(DATA RECORDS Opens)

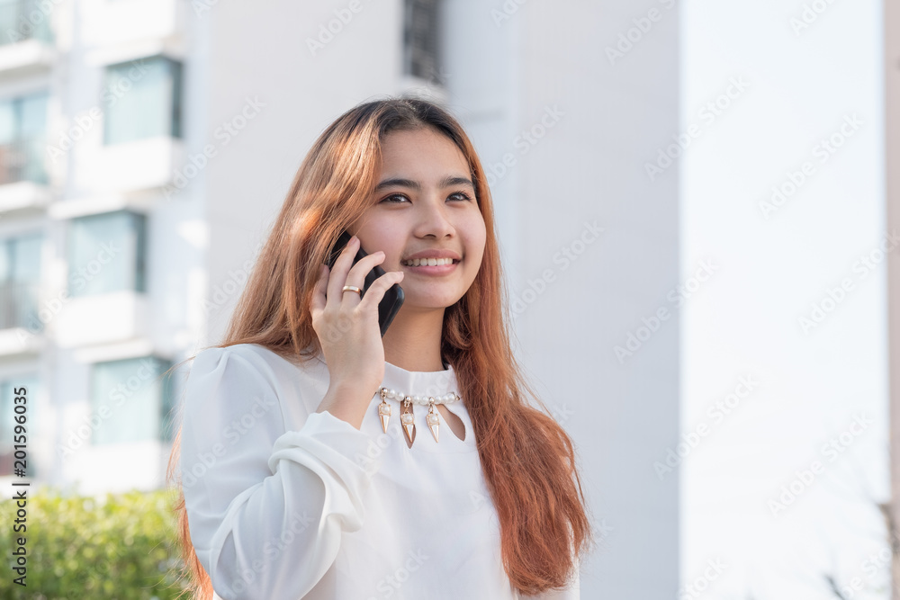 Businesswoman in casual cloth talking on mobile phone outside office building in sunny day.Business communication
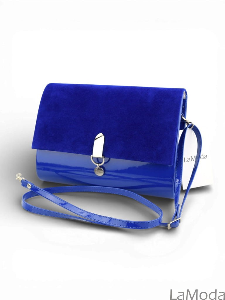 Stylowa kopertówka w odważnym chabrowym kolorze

(DATA RECORDS Closes)
(DATA RECORDS Opens)

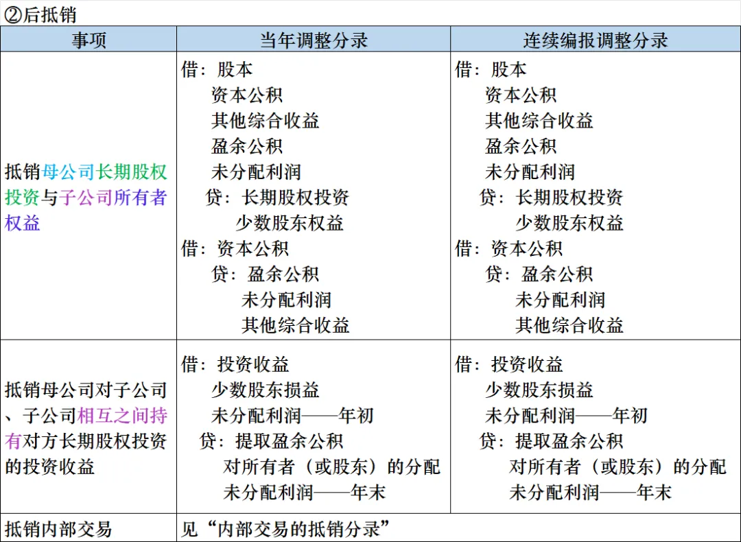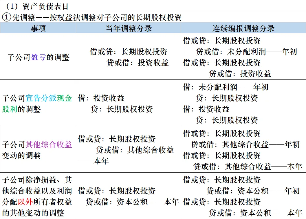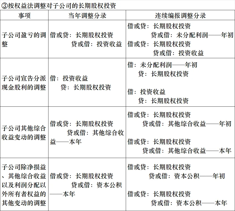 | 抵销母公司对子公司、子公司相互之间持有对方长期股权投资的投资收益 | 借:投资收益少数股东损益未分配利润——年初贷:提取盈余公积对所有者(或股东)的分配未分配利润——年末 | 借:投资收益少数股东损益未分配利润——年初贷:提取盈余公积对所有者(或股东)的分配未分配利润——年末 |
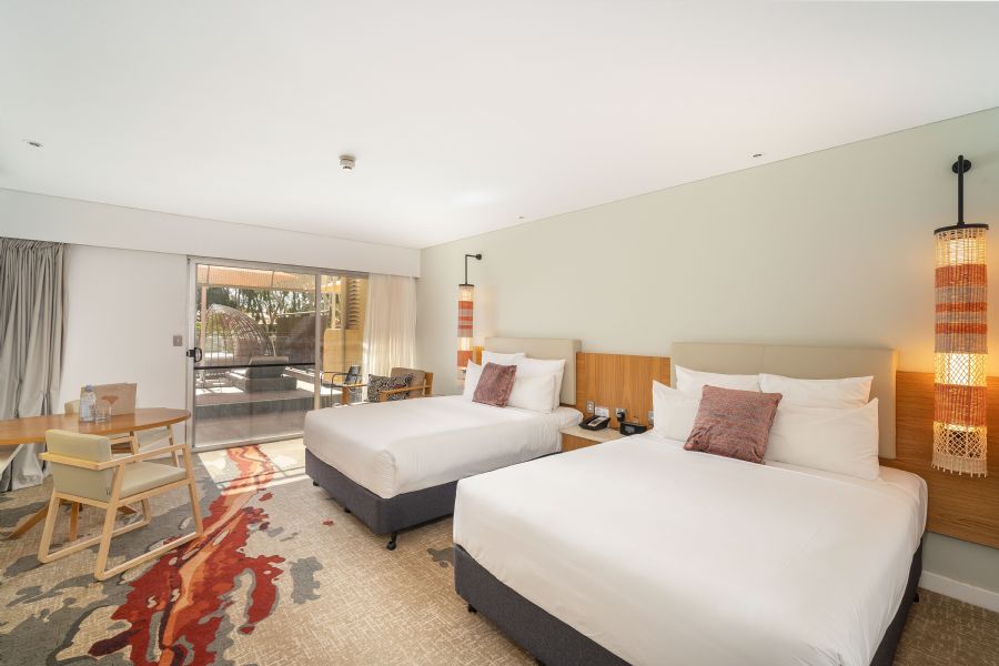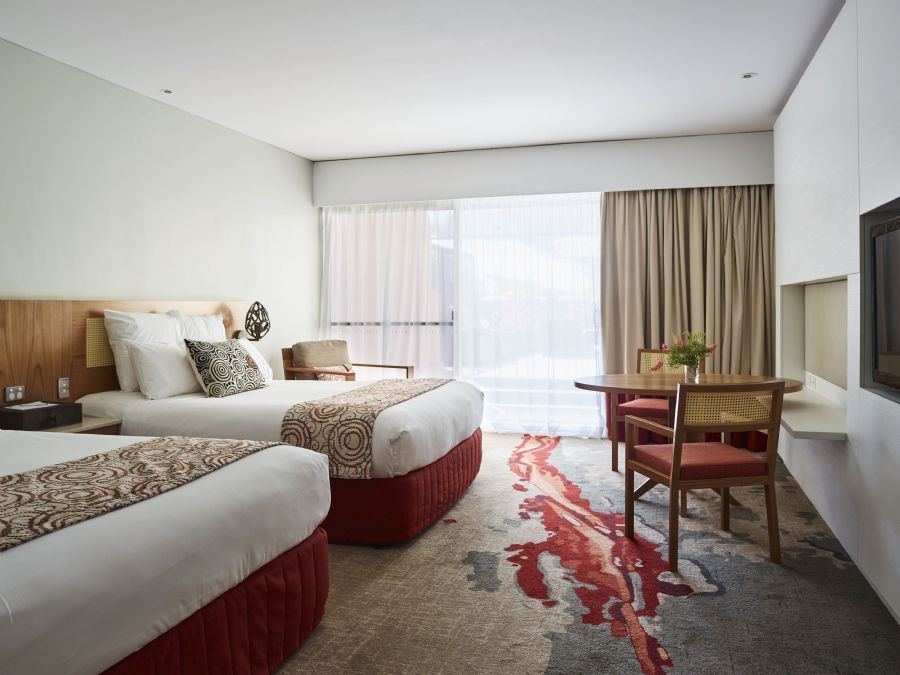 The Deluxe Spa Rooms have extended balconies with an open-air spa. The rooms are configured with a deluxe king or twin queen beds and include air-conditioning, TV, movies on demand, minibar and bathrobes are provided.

(DATA RECORDS Closes)

▸ WHAT THIS TASK INVOLVES:
Using the entries above, transcribe every line from the line containing "Businesswoman in casual" through the line containing "Stylowa kopertówka w". Do not copy pictures.

▸ SOLUTION TO THIS PROBLEM:
 Businesswoman in casual cloth talking on mobile phone outside office building in sunny day.Business communication
 Stylowa kopertówka w odważnym chabrowym kolorze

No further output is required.